Brief: Would you transcribe the listing exactly as it stands, minus any images?

Dataset excerpt:
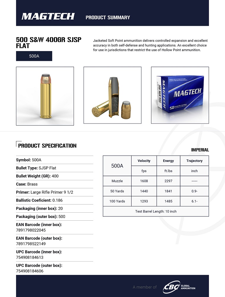 BOITE DE 20 CARTOUCHES MAGTECH 500 SW 400GR SJSP FLAT 500A
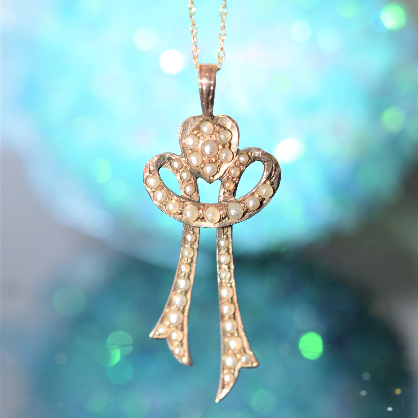 $325.00 USD10K Yellow Gold Ribbon Shape Pearl Pendant Necklace
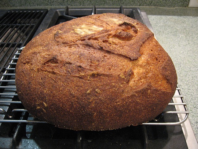 I followed dm's recommendation for the bake: 15 minutes at 525 deg.F; 45 minutes at 420 deg.F with convection. Here's the baked loaf:
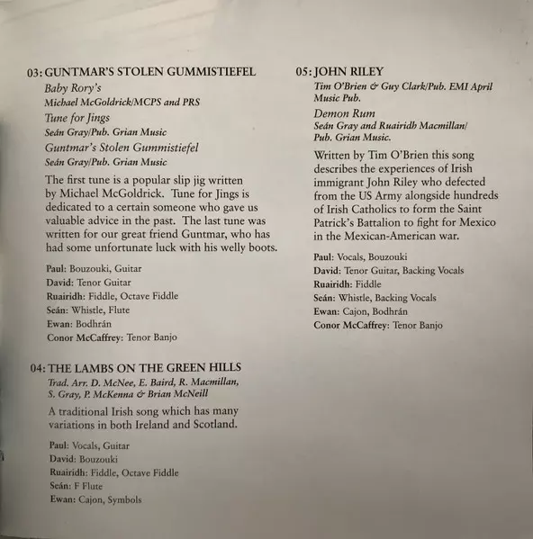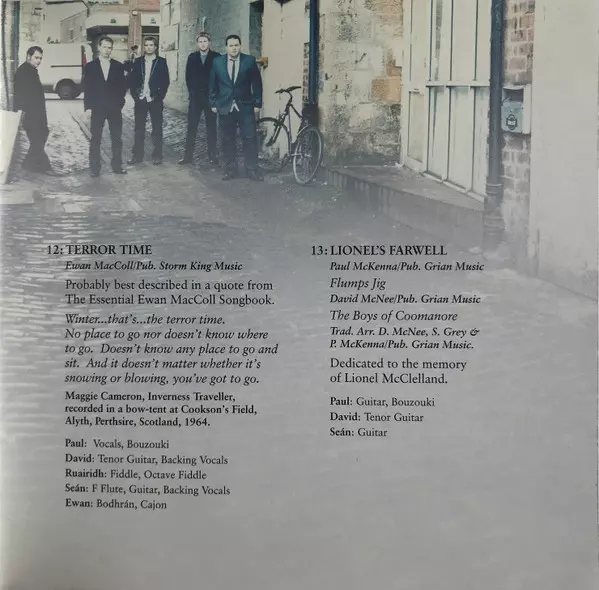 Bodhrán Ewan Baird | Bouzouki David McNee | Fiddle Rua MacMillan | Flute Sean Gray (3) | Vocals, Guitar Paul McKenna (9) | Written-By Lionel McClelland

Task solution:
 BOITE DE 20 CARTOUCHES MAGTECH 500 SW 400GR SJSP FLAT 500A
 $325.00 USD10K Yellow Gold Ribbon Shape Pearl Pendant Necklace
 I followed dm's recommendation for the bake: 15 minutes at 525 deg.F; 45 minutes at 420 deg.F with convection. Here's the baked loaf:
 Bodhrán Ewan Baird | Bouzouki David McNee | Fiddle Rua MacMillan | Flute Sean Gray (3) | Vocals, Guitar Paul McKenna (9) | Written-By Lionel McClelland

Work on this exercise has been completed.